Un fotogramma degli scontri tra tifosi del Napoli e della Roma (Ansa)

gogna all'italiana

Il Far West di pseudo tifosi sull'A1 è incivile, ma il rigurgito manettaro è peggio

Francesco Stocchi

Alla notizia di non convalida dei primi arresti, numerosi giornali hanno definito la notizia scandalosa, parlando di “manica larga” del giudice, di “cavilli che salvano gli ultras”. Un malcostume che porta a invocare punizioni esemplari per responsabilità penali ancora tutte da chiarire e che non ha mai prodotto grandi soluzioni

Domenica scorsa circa 300 facinorosi riconducenti alle tifoserie di Roma e Napoli se le sono date di santa ragione in mezzo a una corsia dell’A1, nei pressi dell’area di servizio di Badia al Pino (Arezzo). La presenza di coltelli, bastoni, bengala, picconi addirittura, fa pensare a un atto premeditato, se non addirittura concordato, tra due fazioni antagoniste che si fronteggiano regolarmente da oltre vent’anni. Chi governa, ricuce oppure esaspera questi dissapori? Chi è al comando di simpatie o rivalità tra due popoli di tifosi? Gli ultras, la minoranza loquace del tifo, che stanno alla tifoseria come i black bloc stanno ai manifestanti No global, o come i raver ai frequentatori di discoteche. Gruppi di persone che si portano al di fuori dei confini circoscritti fondendo i propri interessi con uno stile di vita che ne determina i comportamenti, le frequentazioni quotidiane, l’abbigliamento, i codici di linguaggio.

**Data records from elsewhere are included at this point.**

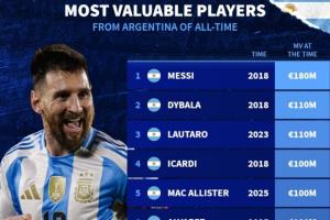 阿根廷历史身价排行榜:
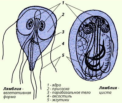 Морфофизиологическая характеристика. Характерная особенность лямблии - наличие двусторонней симметрии. Размер от 10 до 18 мкм. Тело грушевидной формы, разделенное продольно на правую и левую половины. Передний конец расширен и закруглен, задний сужен и заострен. Все органоиды и ядра парные. Между ядрами лежат 2 опорных стержня. В середине тела находятся ядра полулунной формы. С вентральной стороны тело плоское. Здесь расположен присасывательный диск, которым паразит прикрепляется к слизистой оболочке хозяина. Имеет 4 пары жгутиков. По средней линии тела проходят начальные нити (аксонемы) жгутиков. Питание осмотическое: растворенными веществами, накапливающимися в зоне пристеночного пищеварения. Жизненный цикл состоит из чередования вегетативных и инцистированных форм паразита. Вегетативная форма обитает в верхних отделах кишечника и попадая в нижние отделы кишечника она переходит в четырехядерные цисты, которые с фекалиями выносятся наружу и рассеиваются во внешней среде. Источником заражения служат немытые овощи, фрукты, некипяченая вода, грязные руки.
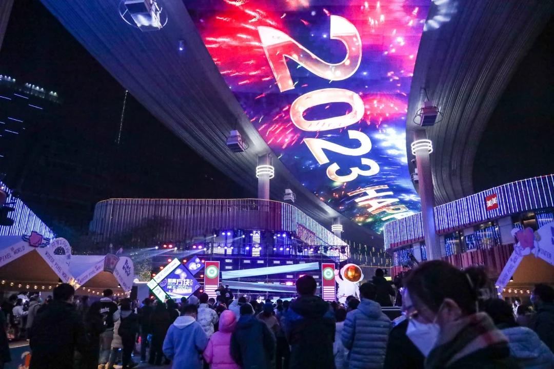 圆融天幕街:大屏时时滚动着“2023 happy new year”,📣📣📣环保的烟花🎆不停的绽放着。
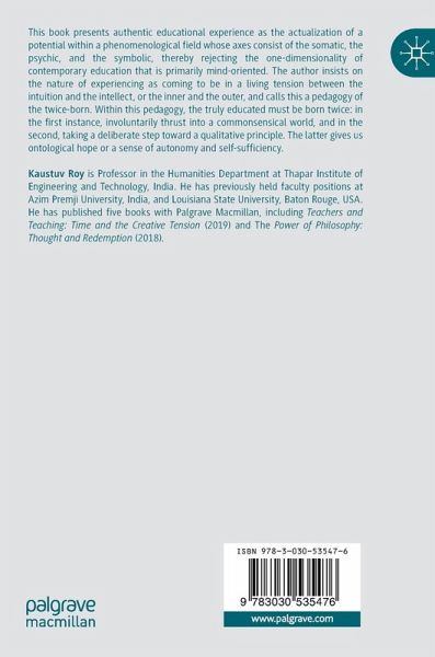 This book presents authentic educational experience as the actualization of a potential within a phenomenological field whose axes consist of the somatic, the psychic, and the symbolic, thereby rejecting the one-dimensionality of contemporary education that is primarily mind-oriented. The author insists on the nature of experiencing as coming to be in a living tension between the intuition and the intellect, or the inner and the outer, and calls this a pedagogy of the twice-born. Within this pedagogy, the truly educated must be born twice: in the first instance, involuntarily thrust into a commonsensical world, and in the second, taking a deliberate step toward a qualitative principle. The latter gives us ontological hope or a sense of autonomy and self-sufficiency.

Ciò che accomuna questi gruppi così disparati fra loro che fanno di atteggiamenti estremi, spesso delinquenziali, la cifra identitaria di un’aderenza totalizzante alla “causa”, è una rivendicazione di sfogo contro le evoluzioni (qui viste come involuzioni) moderne della società. Dei nostalgici arrabbiati la cui dinamica di gruppo conferisce status di tribù organizzate. Sottoculture, difficilmente penetrabili se non si viveva l’esperienza in presa diretta, che con l’avvento della comunicazione digitale, dei social media si trovano in una nuova fase identitaria.

 

I fatti criminali di domenica scorsa non solo sono stati teatro di un regolamento di conti interno ma hanno anche messo a repentaglio la sicurezza dei viaggiatori, bloccando una delle principali arterie del paese. Fatti sicuramente inaccettabili ma la gestione dell’episodio e le relative reazioni sulla stampa aprono a due considerazioni. Alla notizia di non convalida dei primi arresti, numerosi giornali hanno definito la notizia scandalosa, parlando di “manica larga” del giudice, di “cavilli che salvano gli ultras”. La tendenza giustizialista di “sbattere il mostro in prima pagina” come si suol dire, così cara agli organi di stampa nostrani, ha forse fatto vendere qualche copia in più ma di rado ha prodotto buoni risultati.

 

Successe con Tortora, con Amanda Knox e con numerosi altri imputati che hanno dovuto difendersi prima dall’opinione pubblica che dalla magistratura. Un malcostume che porta a invocare punizioni esemplari per responsabilità penali ancora tutte da chiarire. Lorenzo Contucci, avvocato di difesa, ci dice che “si confondono i cavilli con la Costituzione, in realtà mancavano i criteri di urgenza e impossibilità di effettuare l’arresto sul posto. Non è la polizia ma solo il giudice che può limitare la libertà di una persona”. Le indagini andranno avanti, i responsabili, la maggior parte dei quali già noti alle forze dell’ordine, verranno indagati e perseguiti come è doveroso che avvenga in un stato di diritto. Quello che si dovrebbe evitare in caso di disastro ricorrente è la consueta ricerca del capro espiatorio.

La seconda riflessione riguarda una non adeguata gestione dell’ordine pubblico che avrebbe invece impedito un evento prevedibile. La presenza di 6-8 agenti della Stradale e la decisione sbagliata di bloccare le uscite dell’autostrada, fermando i napoletani alla stazione di servizio in attesa del passaggio dei romanisti si è dimostrata scellerata. Oggi si riunisce l’Osservatorio per le manifestazioni sportive del Viminale. Si prevedono misure restrittive esemplari, anche repressive ma sono misure che denotano una tale difficoltà di gestione delle manifestazioni pubbliche fino a impedirle. Come nel caso della tragica morte in piazza a Torino in occasione di una finale trasmessa sui megaschermi. La soluzione fu impedire i raduni in piazza, piuttosto che ammettere delle falle organizzative e prendersi carico delle responsabilità organizzative di gestione di flussi di persone. Sarebbe semplice gestire l’ordine pubblico con un pizzico di pragmatismo, invece si preferisce abdicare, o almeno così sembra.